Required action: Below are some records; output exactly the lines from the line with "Коледарчета от най-голямото" to the line with "Allée chemin de", both ends kept, and nothing more.

Raw data:

================================

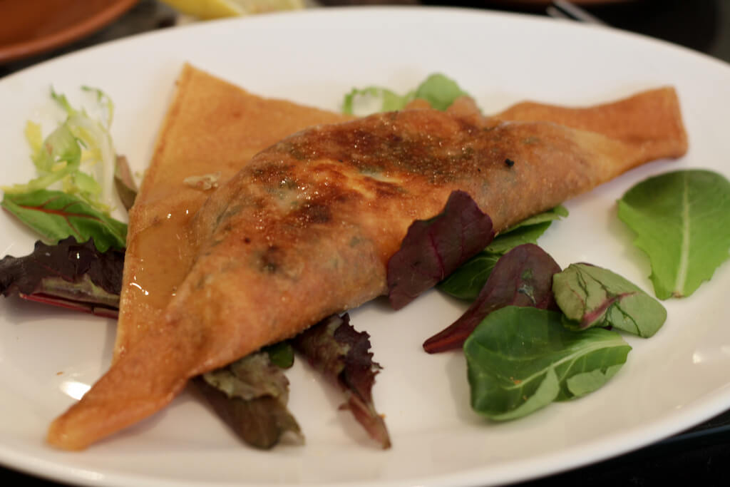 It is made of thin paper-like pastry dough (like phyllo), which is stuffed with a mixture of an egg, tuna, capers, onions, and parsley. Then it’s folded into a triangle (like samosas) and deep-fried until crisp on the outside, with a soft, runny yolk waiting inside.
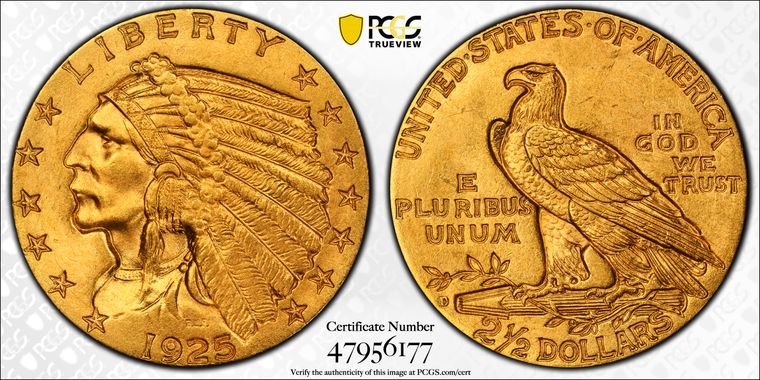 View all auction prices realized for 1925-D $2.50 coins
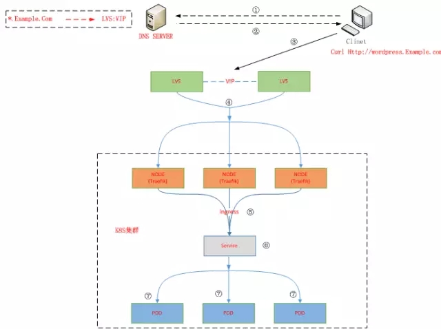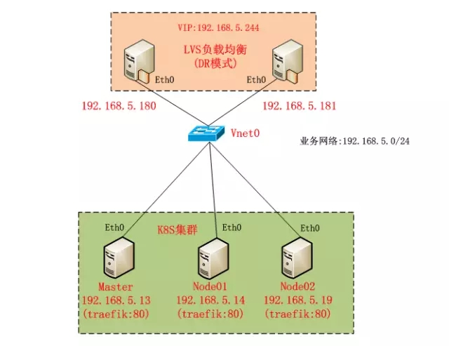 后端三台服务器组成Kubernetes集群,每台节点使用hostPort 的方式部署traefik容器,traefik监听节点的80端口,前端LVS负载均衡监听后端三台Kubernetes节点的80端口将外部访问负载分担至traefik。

================================

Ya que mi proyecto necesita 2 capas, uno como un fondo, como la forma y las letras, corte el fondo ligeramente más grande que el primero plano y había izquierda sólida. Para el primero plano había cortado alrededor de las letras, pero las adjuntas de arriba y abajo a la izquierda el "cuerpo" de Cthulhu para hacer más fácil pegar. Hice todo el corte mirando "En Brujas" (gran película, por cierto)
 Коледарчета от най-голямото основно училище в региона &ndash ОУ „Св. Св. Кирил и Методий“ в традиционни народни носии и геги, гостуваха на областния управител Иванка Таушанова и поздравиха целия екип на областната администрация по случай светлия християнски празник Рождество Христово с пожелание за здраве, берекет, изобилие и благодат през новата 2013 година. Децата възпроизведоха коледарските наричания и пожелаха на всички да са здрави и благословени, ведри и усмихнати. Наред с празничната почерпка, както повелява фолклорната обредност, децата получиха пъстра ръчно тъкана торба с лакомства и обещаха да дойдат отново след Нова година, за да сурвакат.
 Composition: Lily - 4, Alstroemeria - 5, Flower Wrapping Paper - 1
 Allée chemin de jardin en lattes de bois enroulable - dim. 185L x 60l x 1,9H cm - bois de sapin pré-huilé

================================

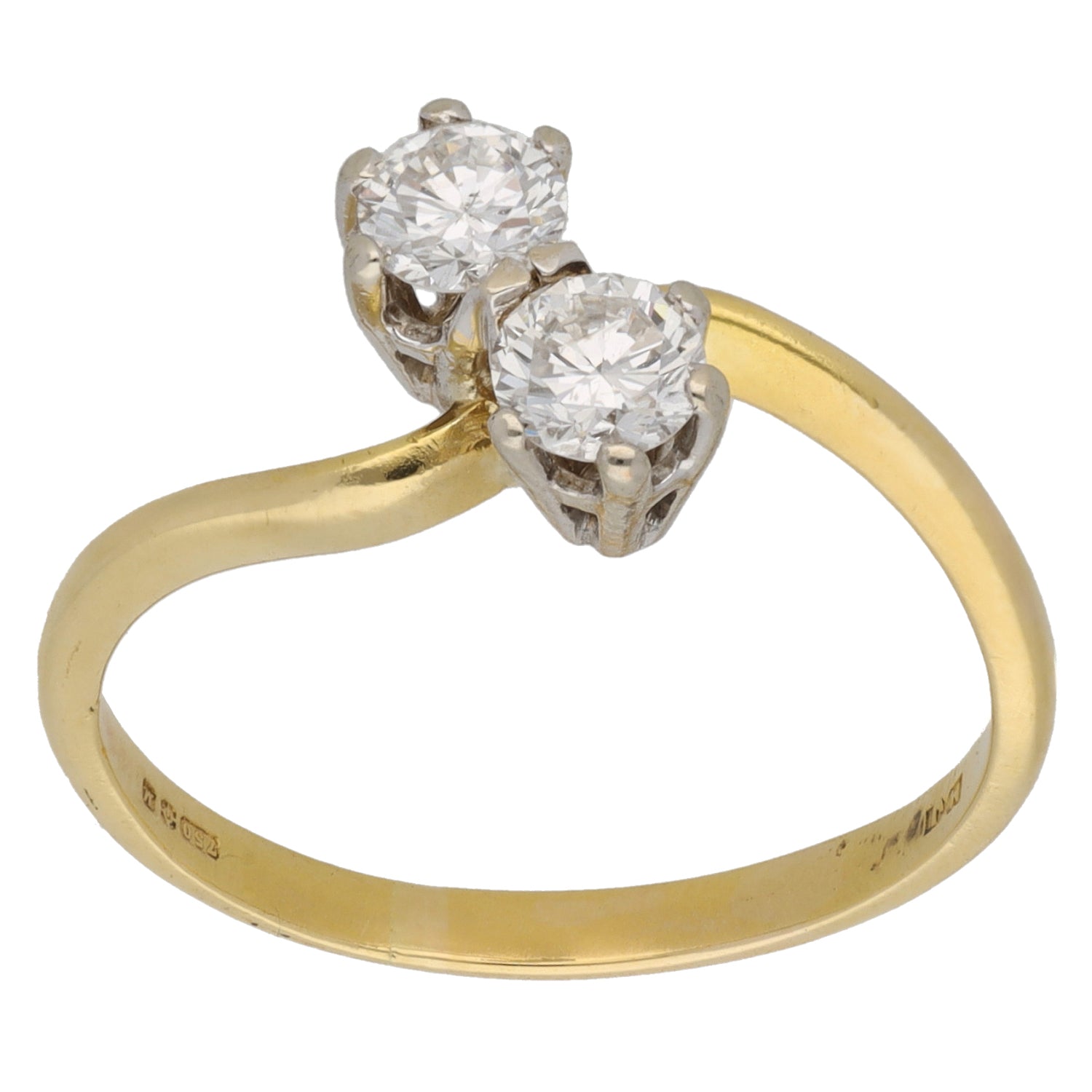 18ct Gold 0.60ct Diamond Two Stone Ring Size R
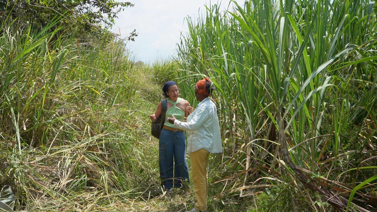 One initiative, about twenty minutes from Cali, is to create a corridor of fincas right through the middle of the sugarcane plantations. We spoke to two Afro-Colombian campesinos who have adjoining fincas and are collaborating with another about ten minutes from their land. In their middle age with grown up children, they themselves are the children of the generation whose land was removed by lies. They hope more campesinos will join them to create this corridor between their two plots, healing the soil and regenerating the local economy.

================================

Exercise output:
 Коледарчета от най-голямото основно училище в региона &ndash ОУ „Св. Св. Кирил и Методий“ в традиционни народни носии и геги, гостуваха на областния управител Иванка Таушанова и поздравиха целия екип на областната администрация по случай светлия християнски празник Рождество Христово с пожелание за здраве, берекет, изобилие и благодат през новата 2013 година. Децата възпроизведоха коледарските наричания и пожелаха на всички да са здрави и благословени, ведри и усмихнати. Наред с празничната почерпка, както повелява фолклорната обредност, децата получиха пъстра ръчно тъкана торба с лакомства и обещаха да дойдат отново след Нова година, за да сурвакат.
 Composition: Lily - 4, Alstroemeria - 5, Flower Wrapping Paper - 1
 Allée chemin de jardin en lattes de bois enroulable - dim. 185L x 60l x 1,9H cm - bois de sapin pré-huilé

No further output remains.